Ulkus merupakan hilangnya sel epitel yang mencatat atau menembus muskularis mukosa, dengan diameter kedalaman > 5mm. Ulkus dibedakan dengan erosi,

dimana erosi berukuran lebih kecil (< 5mm) dan lebih superficial. Mukosa superficial hanya memilki pembuluh kapiler, sehingga erosi hanya dapat menyebabkan pendarahan ringan, tidak mungkin sampai menyebabkan pendarahan yang signifikan. Bila ulkus mengenai otot dan menyebabkan kerusakan otot, maka akan terbentuk jaringan fibrosis, dan akan menimbulkan lekukan. Pada ulkus yang aktif dan terbentuk sempurna terdapat lapisan pada permukaannya berupa eksudat purulen, bakteri atau debris nekrosis (Harris, 2009).

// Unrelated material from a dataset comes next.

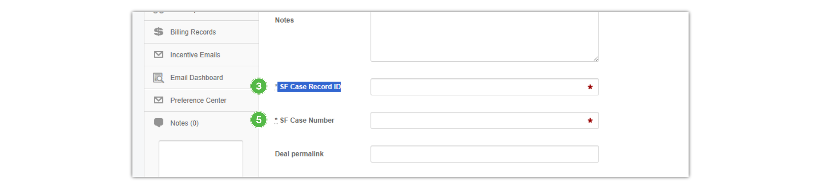 - Paste the copied Salesforce record ID to SF Case Record ID

Ulkus peptikum merupakan daerah ekskoriasi mukosa yang disebabkan kerja pencernaan getah lambung. Penyebab ulkus peptikum yang biasa adalah terlalu banyak sekret getah lambung dalam hubungannya dengan derajat perlindungan yang diberikan oleh lapisan mukus lambung dan duodenum serta netralisasi asam lambung oleh getah duodenum. Semua daerah yang dalam keadaan normal terpapar getah lambung disuplai banyak kelenjar mukosa, mulai dengan kelenjar mukosa komposita pada bagian bawah esophagus, kemudian sel mukosa yang meliputi mukosa lambung, sel leher mukosa glandula gastrika, glandula pilorika dalam yang terutama menyekresi mukus, dan akhirnya kelenjar

brunner pada duodenum yang menyeksresi mukus yang sangat alkali (Guyton, 1990).